OKYO Pharma (OKYO) announced plans for the next stage of clinical development for its lead drug candidate, urcosimod, to treat neuropathic corneal pain. The announcement follows the release in July of topline data from OKYO’s randomized, double-masked, placebo-controlled Phase 2 proof-of-concept trial of urcosimod in 17 NCP patients conducted at Tufts Medical Center in Boston, MA, with Pedram Hamrah, M.D., a world-leading expert in NCP, as Principle Investigator. After 12 weeks of treatment, 75% of per-protocol patients receiving 0.05% urcosimod showed greater than 80% reduction in neuropathic corneal pain in that study, as measured by visual analog scale, suggesting highly effective treatment in this patient population. Building on these promising results, OKYO is now focused on advancing to a multiple-ascending-dose clinical trial designed to: Enroll approximately 100 NCP patients across several U.S. clinical sites in this randomized, placebo-controlled, double-masked trial. Identify the optimal registration dose for urcosimod for future Phase 3 trials.

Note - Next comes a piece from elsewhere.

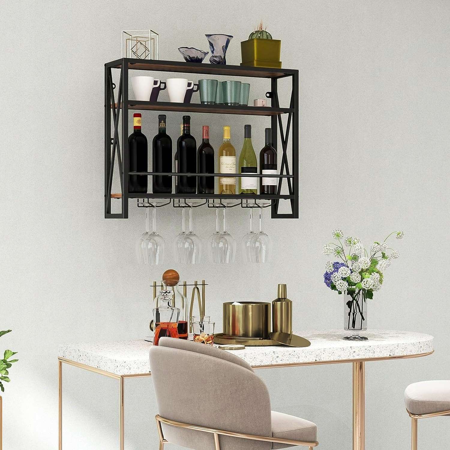 Компактная винная полка. Настенные винные стойки позволяют максимально увеличить вертикальное пространство за счет установки полки для бутылок на стену, обеспечивая больше места для использования в помещении.

Develop further understanding of urcosimod’s unique micellar drug characteristics. Negotiations with several leading U.S. clinical sites are underway, and OKYO anticipates topline data from this trial in 2026. As part of the registration pathway, OKYO continues to progress towards a meeting with the U.S. Food and Drug Administration to discuss requirements for an approvable drug to treat NCP and to define the primary endpoint required for potential registration. Urcosimod currently holds Fast-Track designation, which is expected to enable quick turn-around on having the meeting with the FDA.